PROVIDED DATA:
######
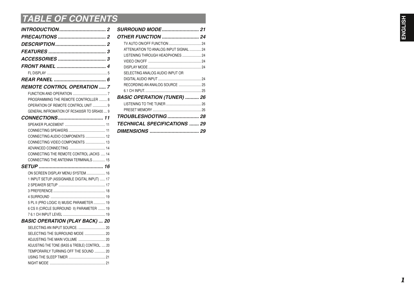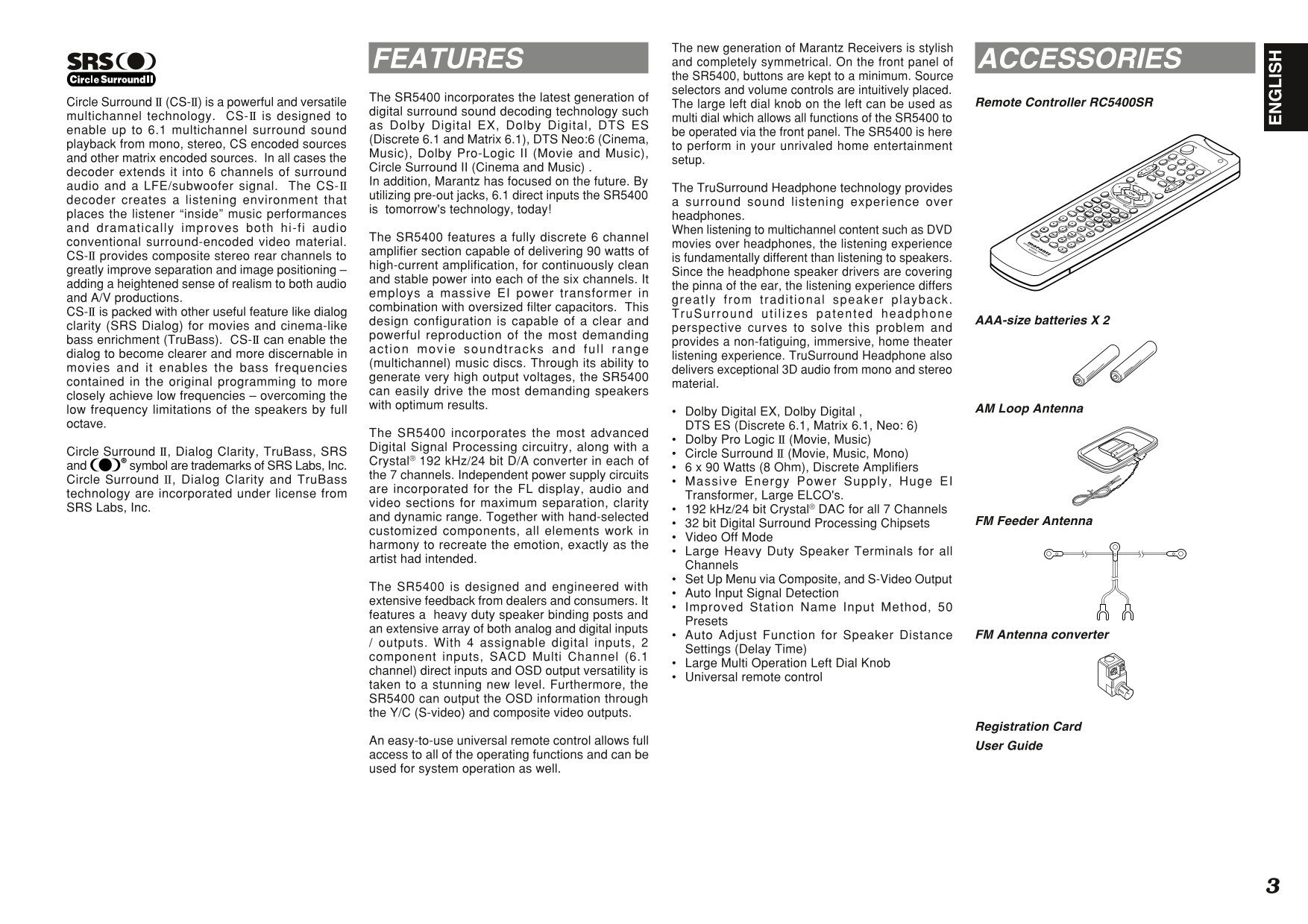 Marantz SR5400 AV Receiver Owner/ User Manual (Pages: 36)
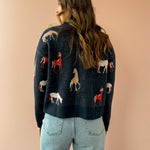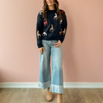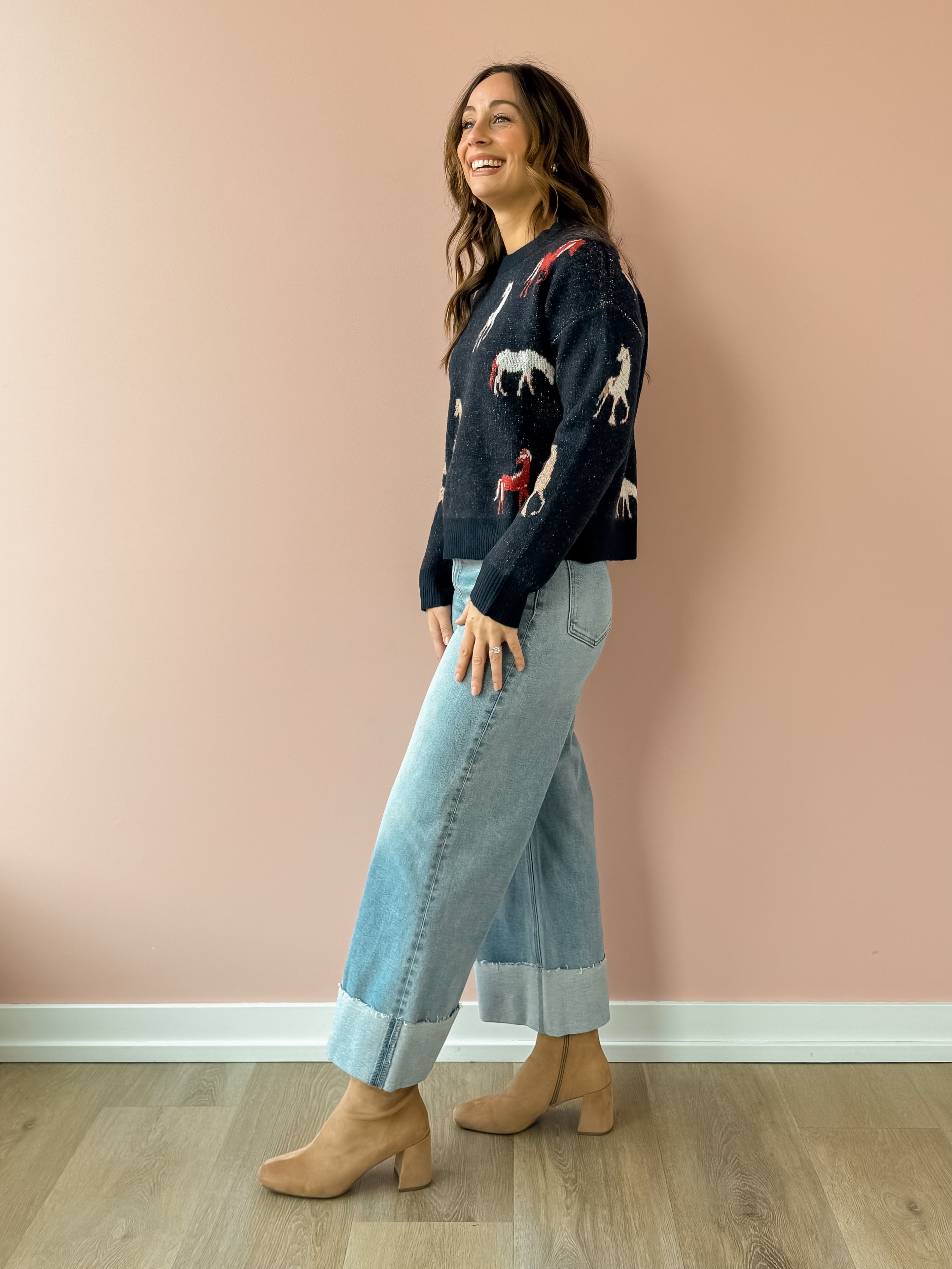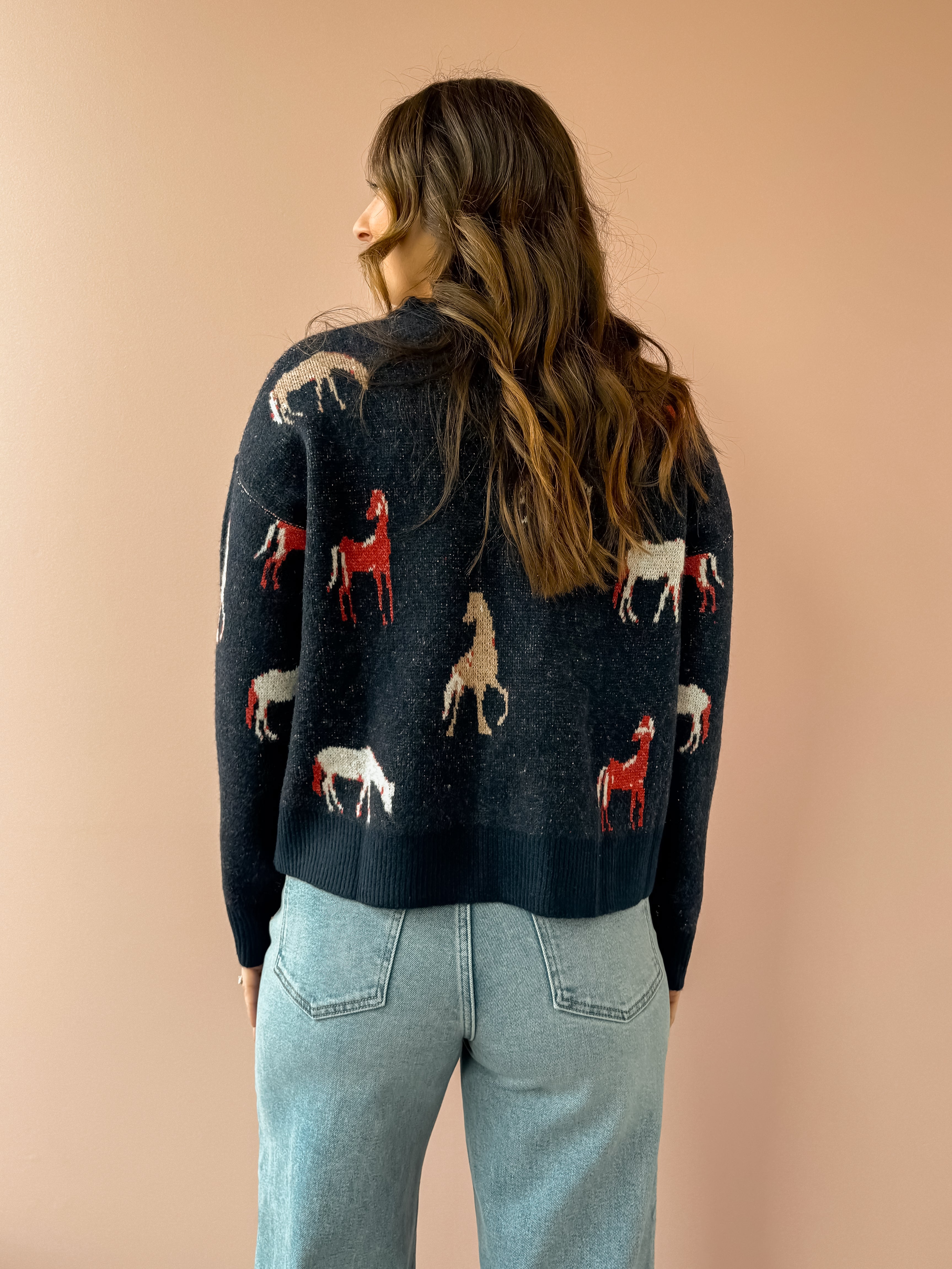 The Wild Horse Sweater combines comfort and style in a cozy navy design featuring charming white, brown, and red horse accents. Its round neckline makes it perfect for layering, while the vibrant horse patterns add a unique touch to your casual wardrobe. Pair it with your favorite denim and boots for effortless, everyday cool look.
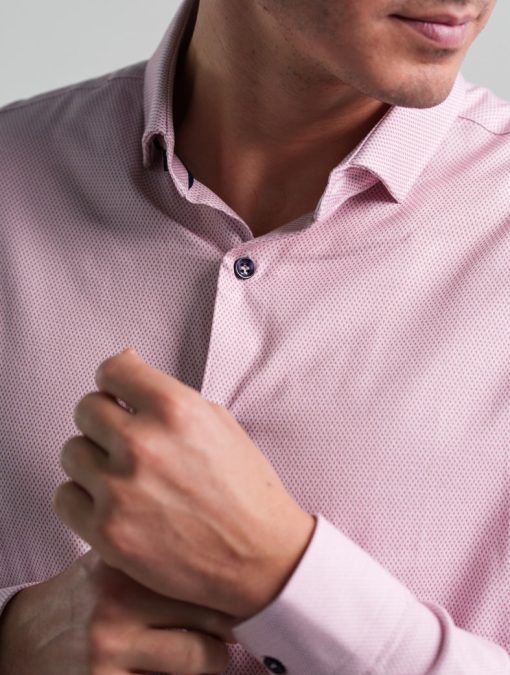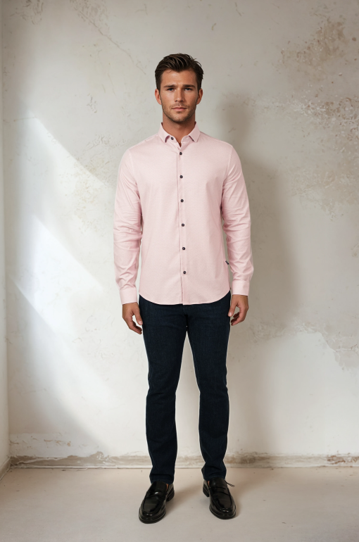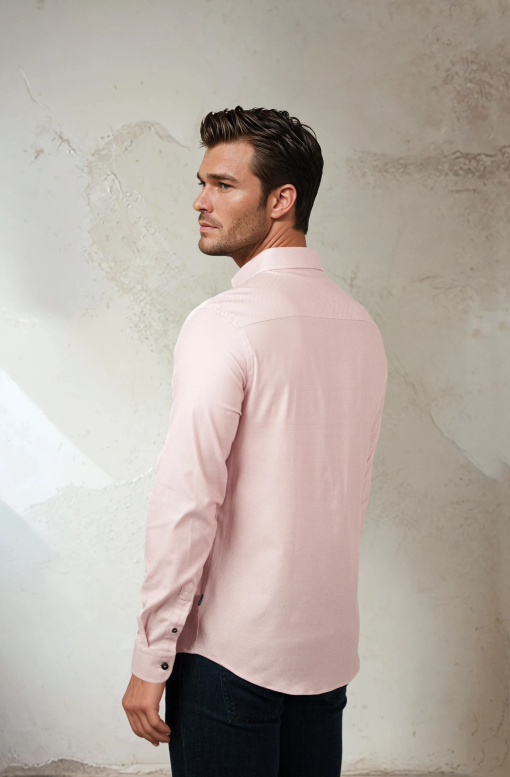 The NOVA – Light Pink Micro Diamond Shirt from our Nova Collection is designed with an elegant drape and a smooth, peachy finish. Its clean silhouette and modern feel make it a versatile option for both casual and elevated looks.
######
TASK DETAILS: Except for the pictures, the whole listing above should be transcribed exactly.

SOLUTION:
 Marantz SR5400 AV Receiver Owner/ User Manual (Pages: 36)
 The Wild Horse Sweater combines comfort and style in a cozy navy design featuring charming white, brown, and red horse accents. Its round neckline makes it perfect for layering, while the vibrant horse patterns add a unique touch to your casual wardrobe. Pair it with your favorite denim and boots for effortless, everyday cool look.
 The NOVA – Light Pink Micro Diamond Shirt from our Nova Collection is designed with an elegant drape and a smooth, peachy finish. Its clean silhouette and modern feel make it a versatile option for both casual and elevated looks.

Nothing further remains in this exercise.